Thousands of protestors made their way to the nation’s capital on Sunday in an effort to urge President Obama to deny construction of the Keystone XL pipeline.
According to The Guardian, participants in the “Forward on Climate” rally came from over 30 states and included environmental activists, indigenous Canadian groups and landowners who would be affected by pipeline construction. “Obama holds in his hand a pen and the power to deliver on his promise of hope for our children,” said Michael Brune, director of the Sierra Club. “Today we are asking him to use that pen to reject the Keystone XL tar sands pipeline, and ensure that this dirty, dangerous, export pipeline will never be built.”
The completed pipeline would extend for 1,179 miles from Northern Alberta in Canada to Steele City, Nebraska, transporting tar sands oil to be exported to other countries. The Sierra Club has actively opposed the Keystone XL project since 2009 and helped organize Sunday’s rally.
Isabelle Riu, a senior at George Washington University majoring in international affairs and environmental studies, attended the rally despite the winter weather. “It was an incredibly cold and windy morning, but the energy did not waver,” she said. According to Riu, tar sands are an incredibly dirty fuel source that will produce carbon emissions during extraction and processing. As president of Green GW, a student organization advocating environmental sustainability, Riu attended the protest to show her concern for climate change.
The crowd’s main goal was to remind President Obama to follow through on the promises he made in his inaugural speech and the recent State of the Union address regarding the environment. “I think that Obama has tried to play it safe for his first term, trying to appease both sides,” explained Riu. “I hope to see more bold action to fight climate change this term.”

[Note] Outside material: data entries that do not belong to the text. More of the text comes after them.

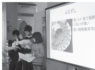
▲2年生は「自分の宝物」(10/2、左)、5年生は「和の魅力」がテーマ(12/4)
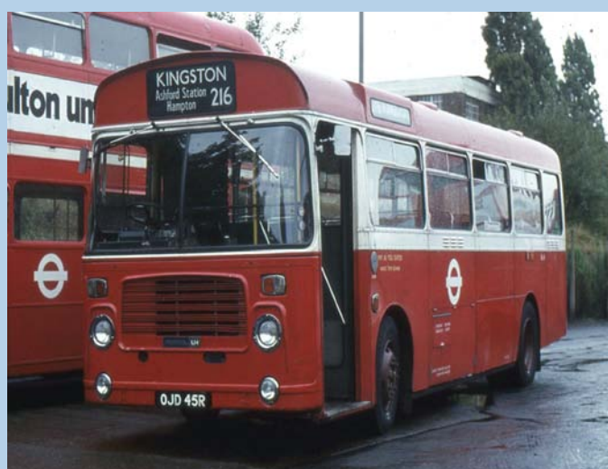
London Transport . BL45 OJD45R . Cromwell Road , Kingston . 18-Septiembre-1981

http://www.flickr.com/photos/big_john_bus_spoter/6477282177
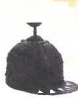
六野原B号地下式横穴墓 眉庇付膏 (宮崎県立西都原考古博物館蔵)

The name of the rally itself comes from Obama’s reelection campaign, which featured the slogan “Forward.” Connor Schmidt, a George Washington University freshman majoring political science, believes that the reference sends a clear message to the White House. “I think that this combined with his comments about climate change at the inauguration and State of the Union will make it incredibly hard for him not to shut down the Keystone XL project,” Schmidt said.